None of this is what BAE Systems proposed in the numerous industry engagements that they undertook prior to the down selection process and none of this aligns with the Morrison government's strategy to develop a sovereign industrial base.
From what AIDN is seeing and hearing we can only be nervous about BAE Systems Maritime Australia back tracking on AIC.
BAE Systems has stated in recent ADM articles, “The Prime Mover equipment, the Category A and B that BAE refer to, were always things that Australia does not manufacture domestically. We don’t make gas turbines, we don’t make gearboxes, we don’t make shafts in country”.
This, of course, will be disturbing to Australian industry and rightfully so as we actually do produce these types of equipment in-country, what we need to do is invest in the capability that we have, rather than investing in overseas companies, in order to be able to produce the equipment to the standard required.
If we further unpick the Category A and B items, as classified by BAE, there seems to be equipment such as; propellers, valves, HVAC systems, LV switchboards, funnel exhausts, ships doors and shaft lines (to name only a few) that existing companies in Australia have been designing, manufacturing and selling both domestically and internationally on a variety of platform types — both commercial and military.
So, the question that AIDN is asking is — why, when these items actually exist in Australia, being produced by Australian companies as many of these items are simple platform systems, are they being classified as CAT B items by BAE Systems?
Further to this, the question needs to be answered as to why Australian companies aren’t being included in these simple platform items.
There is sufficient time to make these decisions and undertake the required transfer of technology, IP and know how in order to ensure that Australian companies are included into the initial platforms.
BAE Systems itself has stated in their online Australian Industry Plan that they have engaged with and have some 1,600 in-country suppliers, and for the main part, they have utilised many of these companies in their maritime sustainment programs and shipyard operations.

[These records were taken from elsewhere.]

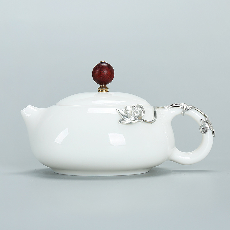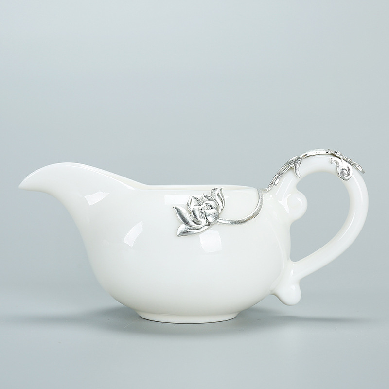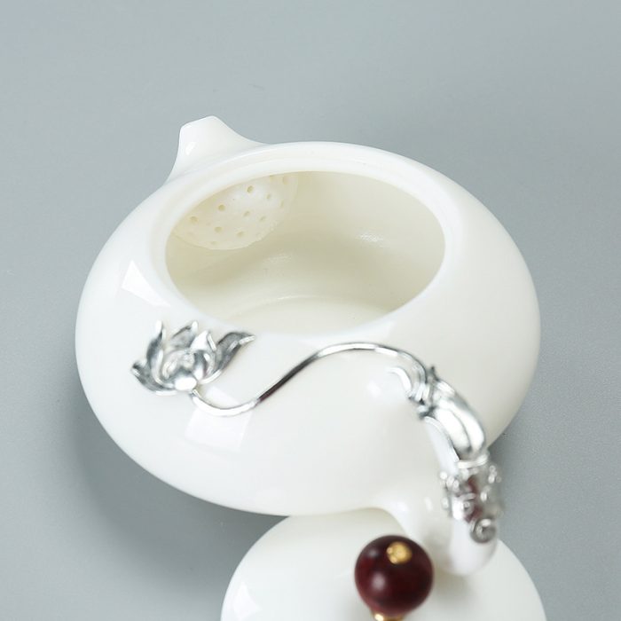 White Jade Ceramic Silver Inlaid Kung Fu Tea Set – High Grade Teaware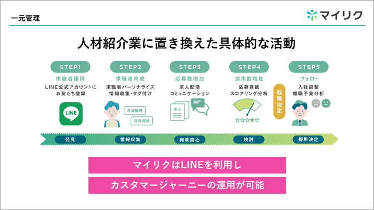 マイリクの基本機能や導入メリットをわかりやすく解説します。具体的な活用事例を交え、採用フローの各段階でマイリクがどのように役立つのかをご紹介しています。LINEを活用した求職者とのエンゲージメント向上策や、入社後のフォローアップによる定着率改善についても詳しく説明しています。
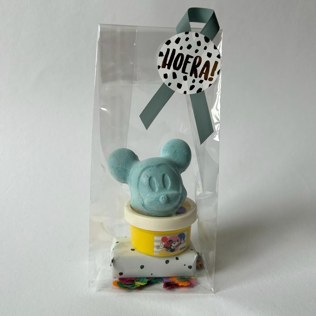 Leuke stoepkrijt traktatie met een mickey mouse figuurtje en een klein potje klei in mickey mouse thema. Deze traktatie is altijd een feest bij de kleintjes!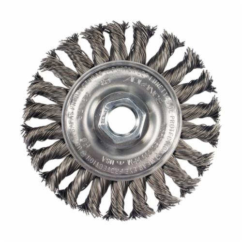 "PFERD 82168 Narrow Face Wheel Brush, 4 in Dia Brush, 3/8 in W Face, 0.02 in Dia Full Cable Twist Knot Filament/Wire, 1/2-13 Arbor Hole"
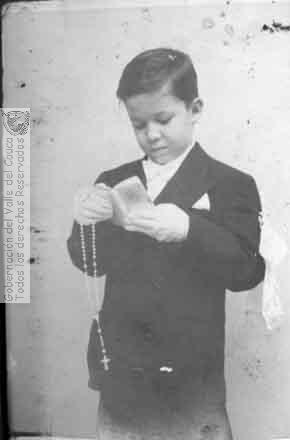 Edgar Saavedra en la celebración de la Primera Comunión. Este niño llegó en su adultez a ser Magistrado de la República. Zarzal, C. 1940.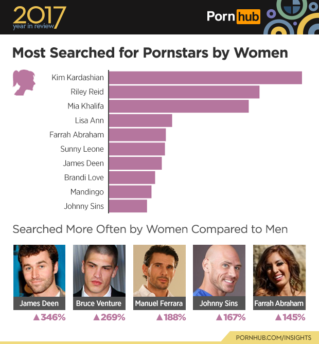 Once again, Kim Kardashian remains the most searched Pornstar by women, and Mia Khalifa is now in third place after being surpassed by Riley Reid who is sitting quite comfortably at second place for the year. There are some new additions to the list since last year, including Brandi Love (nsfw) (whom is also the co-owner and chief financial officer of two multimedia companies) and Johnny Sins (nsfw) (said to be one of the most popular performers in porn for the Millennium-class). Johnny was searched for 167% more by women, as well as Bruce Venture (nsfw) who was searched for 269% more by female viewers to the site than by men.

Expanding further on this let’s take HVAC as an example, there are multiple companies located in Australia supplying maritime heating, ventilation and air-conditioning on a variety of Australian military and commercial shipping, including companies based in Western Australia that are already supplying to BAE Systems for their Defence maritime projects in the companies Henderson facility.
Why are these companies not at the very least being provided the system specifications in order to allow them to be pre-qualified for the Hunter Class supply chain?
This activity will ultimately be required if these companies are going to be allowed to compete for batch two equipment, or will this simply become yet another reason to exclude Australian industry from the program.
After all, a company cannot be considered for the supply chain if it is not qualified to be part of the supply chain.
Ultimately, it is for government through the Department of Defence to ensure that Australian industry is treated fairly on these matters.
Defence needs to reject BAE Systems’ current plan and expect a revised plan that includes Australian industry from the outset, anything less than this is doing a disservice to Australian industry.
Brent Clark is the chief executive of the Australian Industry and Defence Network (AIDN).